**Brief:** All of the data below must be reproduced word for word, but without its images.

**Available data:**
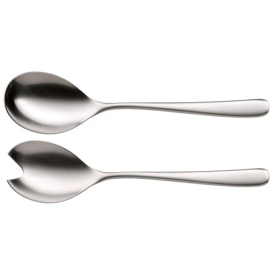 Durchmischen, aufgreifen, servieren: Keine Frage, zu einem frischen Salat gehört ein Salatbesteck. Es ist stets zweiteilig, wobei seine flachen, äußerst großzügig gestalteten Laffen die leichte Aufnahme des Salats ermöglichen – und zwar so, dass überschüssiges Dressing vor dem Servieren leicht abtropfen kann. Die langen Stiele des Bestecks sorgen für bequemes Hantieren und verhindern zugleich, dass es in die Salatschlüssel rutscht.
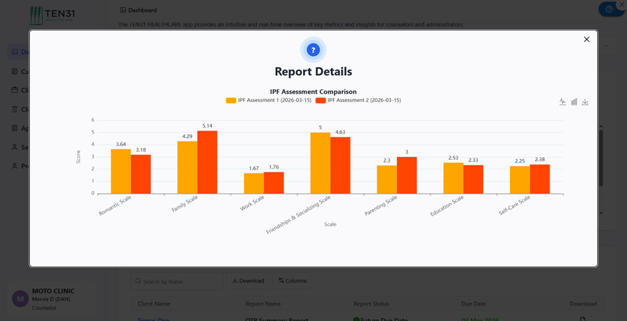 TEN31Healthcare provides clinicians with powerful tools to measure and visualize client progress over time. Through the Assessment Comparison Report, counsellors can easily compare results from multiple assessment periods, helping identify meaningful changes across key areas of a client’s life.
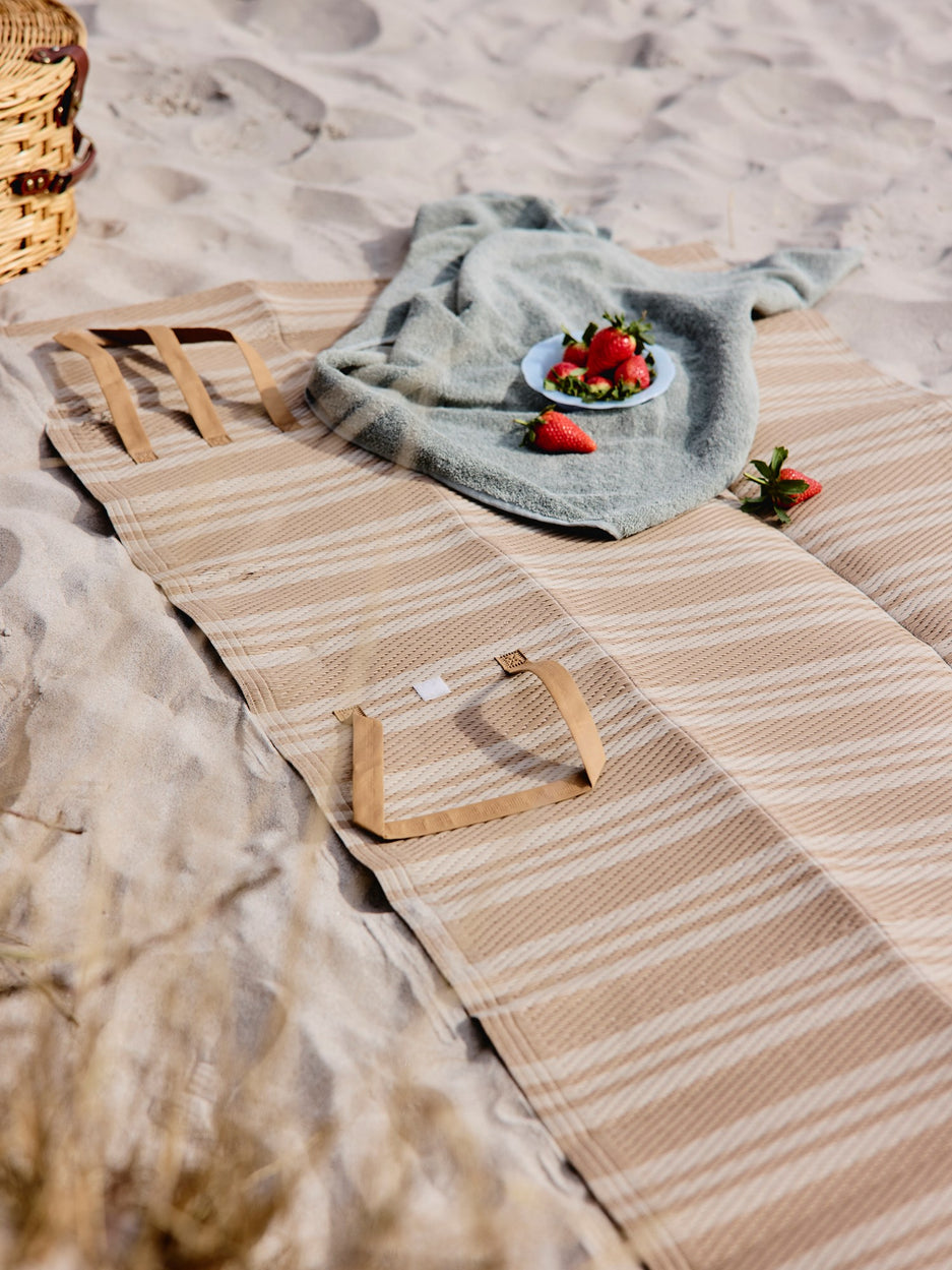 A day by the seaside calls for both comfort and a little sense of adventure. Clara says a foldable beach mat is wonderfully practical for keeping sand at bay, while Anna explains how its charming design brings a cosy feeling to any outdoor escape.
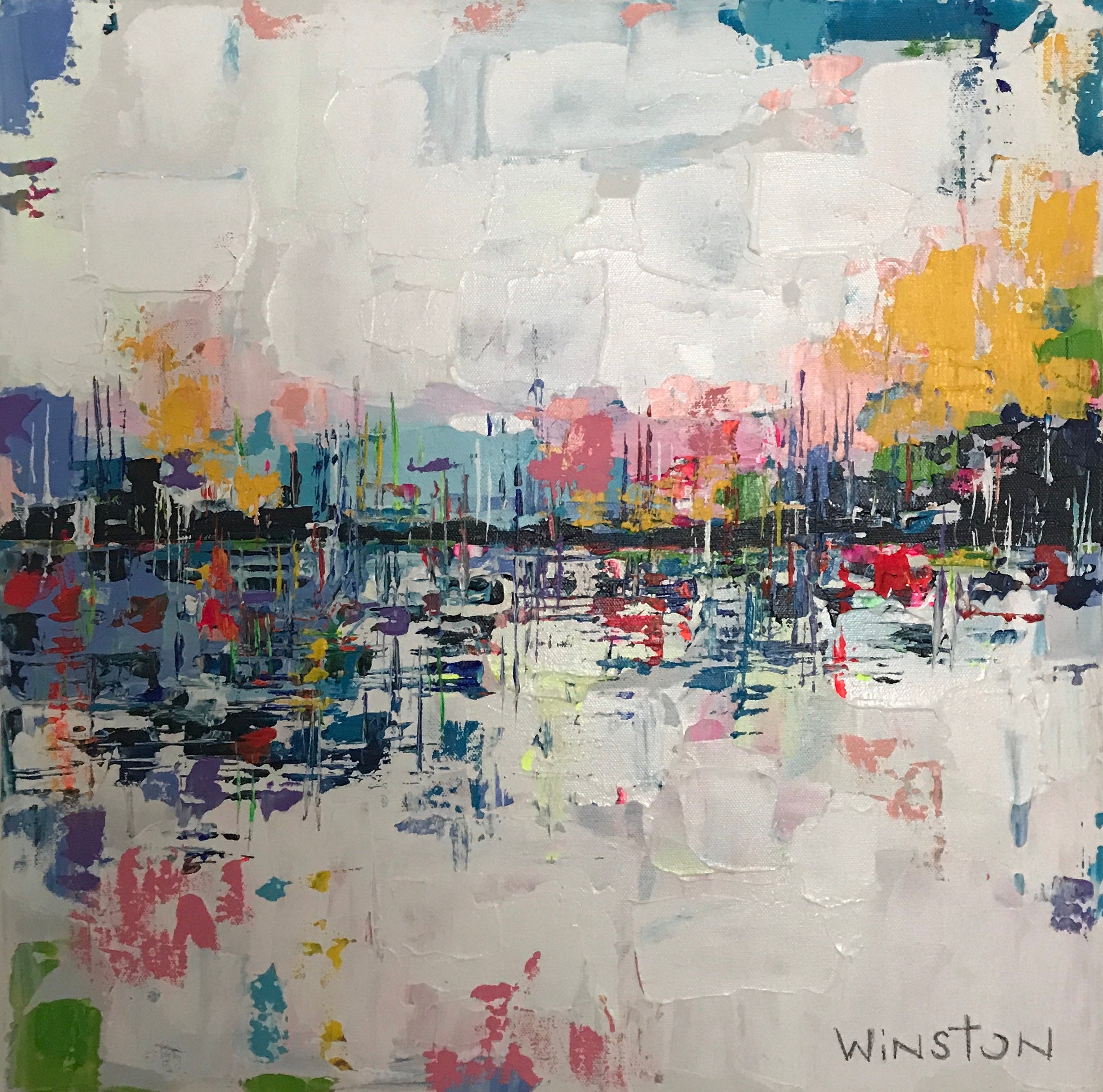 Winston Wiant is originally from Amelia Island, Florida, and full of southern charm. She brings her whimsical and witty delight to each and every painting. Having painted since childhood, she received a Bachelor of Arts degree in Studio Art at Brenau University and has been pursuing her love of art ever since. Her paintings are full of texture, using the palette knife and free brushstrokes to layer the paint, creating one energetic piece after another. She lives in Athens, GA, with her husband and two daughters and paints in her home studio. “Art to me is a form of self-expression. The way I feel that day reflects in my work. My love of bold color and texture is both distinctive and captivating.”
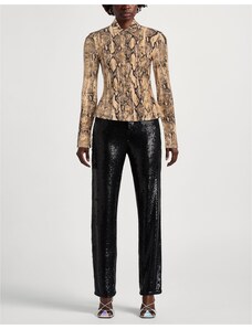 Camicia maniche lunghe in georgette stampa animalier Vestibilità regolare Colore nero Composizione tessuto 100% viscosa Capo indossato taglia 40 Modella altezza 1,80 cm taglia 40
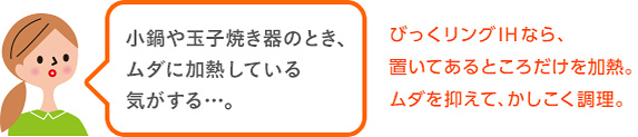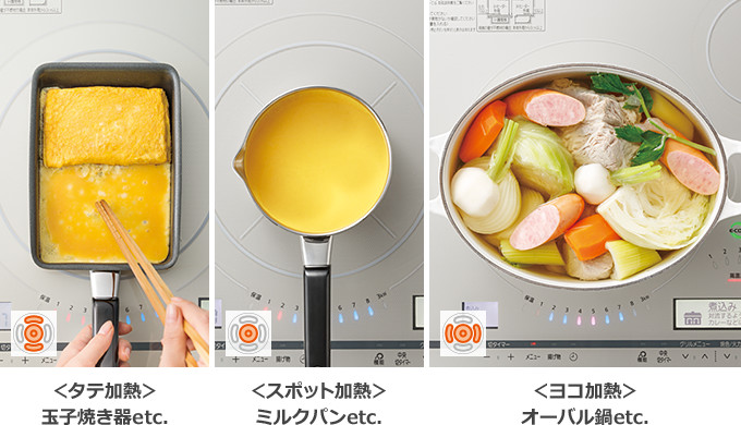 〈びっくリングコイルP〉は、鍋のサイズに合わせて、分割エリアごとに加熱します。たとえば、玉子焼き器などはタテ方向の加熱、ミルクパンなどは中央のスポット加熱、オーバル鍋などはヨコ方向の加熱と、鍋のサイズや形状に合わせた部分加熱がカンタンに。ムダを抑えて、かしこい省エネ調理にぴったりな機能です。
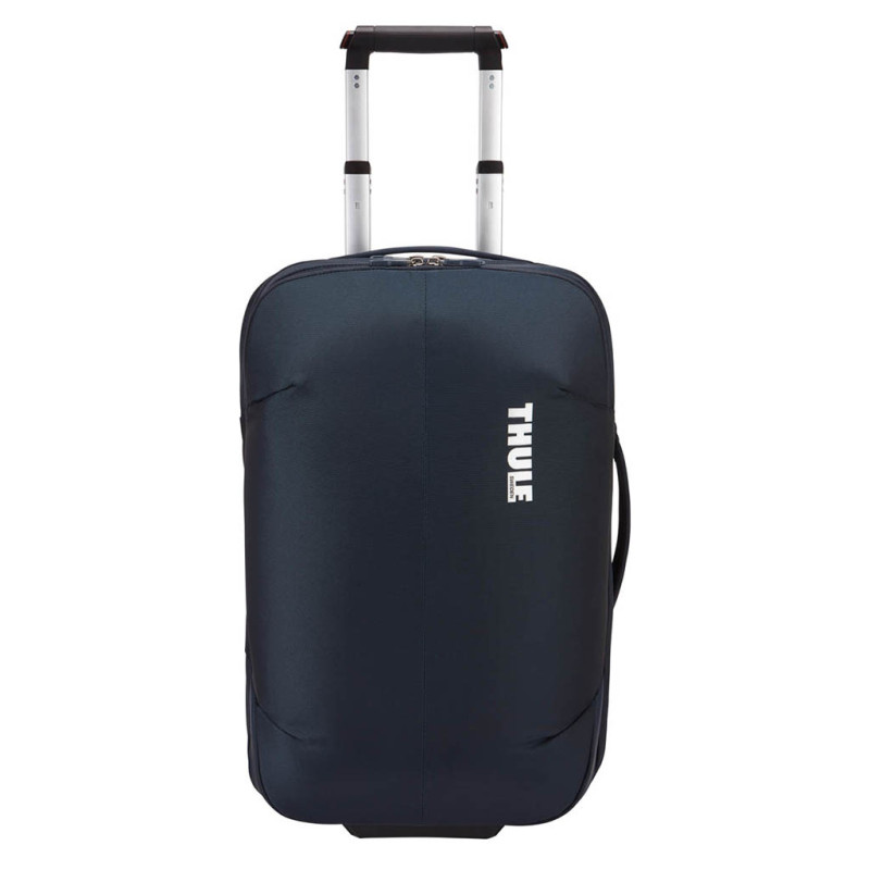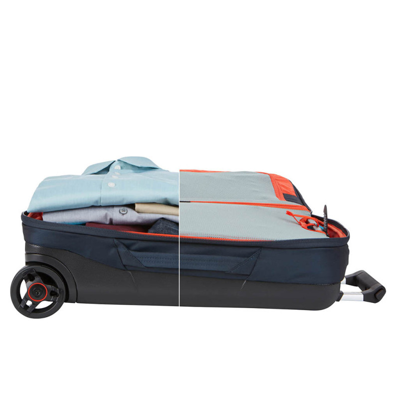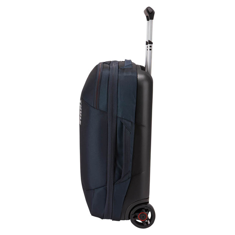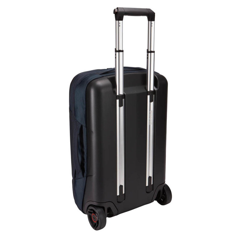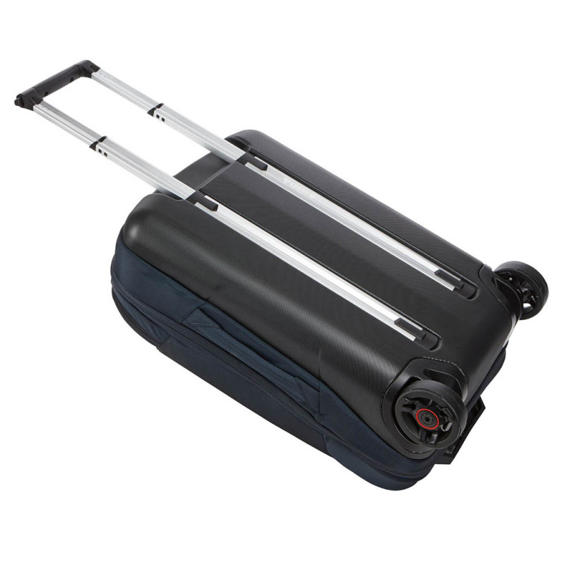 Сумка темно-синього кольору на двох колесах зробить легкою будь-яку дорогу. Модель Carry-On 55 см має полікарбонатну задню панель, завдяки якій аксесуар стає ударостійким. Колеса збільшені для того, щоб з легкістю долати будь-які перешкоди, що виникли. Телескопічна ручка плавно висувається з корпусу, в якому вона повністю захищена від поломки.

**Reply to the exercise:**
 Durchmischen, aufgreifen, servieren: Keine Frage, zu einem frischen Salat gehört ein Salatbesteck. Es ist stets zweiteilig, wobei seine flachen, äußerst großzügig gestalteten Laffen die leichte Aufnahme des Salats ermöglichen – und zwar so, dass überschüssiges Dressing vor dem Servieren leicht abtropfen kann. Die langen Stiele des Bestecks sorgen für bequemes Hantieren und verhindern zugleich, dass es in die Salatschlüssel rutscht.
 TEN31Healthcare provides clinicians with powerful tools to measure and visualize client progress over time. Through the Assessment Comparison Report, counsellors can easily compare results from multiple assessment periods, helping identify meaningful changes across key areas of a client’s life.
 A day by the seaside calls for both comfort and a little sense of adventure. Clara says a foldable beach mat is wonderfully practical for keeping sand at bay, while Anna explains how its charming design brings a cosy feeling to any outdoor escape.
 Winston Wiant is originally from Amelia Island, Florida, and full of southern charm. She brings her whimsical and witty delight to each and every painting. Having painted since childhood, she received a Bachelor of Arts degree in Studio Art at Brenau University and has been pursuing her love of art ever since. Her paintings are full of texture, using the palette knife and free brushstrokes to layer the paint, creating one energetic piece after another. She lives in Athens, GA, with her husband and two daughters and paints in her home studio. “Art to me is a form of self-expression. The way I feel that day reflects in my work. My love of bold color and texture is both distinctive and captivating.”
 Camicia maniche lunghe in georgette stampa animalier Vestibilità regolare Colore nero Composizione tessuto 100% viscosa Capo indossato taglia 40 Modella altezza 1,80 cm taglia 40
 〈びっくリングコイルP〉は、鍋のサイズに合わせて、分割エリアごとに加熱します。たとえば、玉子焼き器などはタテ方向の加熱、ミルクパンなどは中央のスポット加熱、オーバル鍋などはヨコ方向の加熱と、鍋のサイズや形状に合わせた部分加熱がカンタンに。ムダを抑えて、かしこい省エネ調理にぴったりな機能です。
 Сумка темно-синього кольору на двох колесах зробить легкою будь-яку дорогу. Модель Carry-On 55 см має полікарбонатну задню панель, завдяки якій аксесуар стає ударостійким. Колеса збільшені для того, щоб з легкістю долати будь-які перешкоди, що виникли. Телескопічна ручка плавно висувається з корпусу, в якому вона повністю захищена від поломки.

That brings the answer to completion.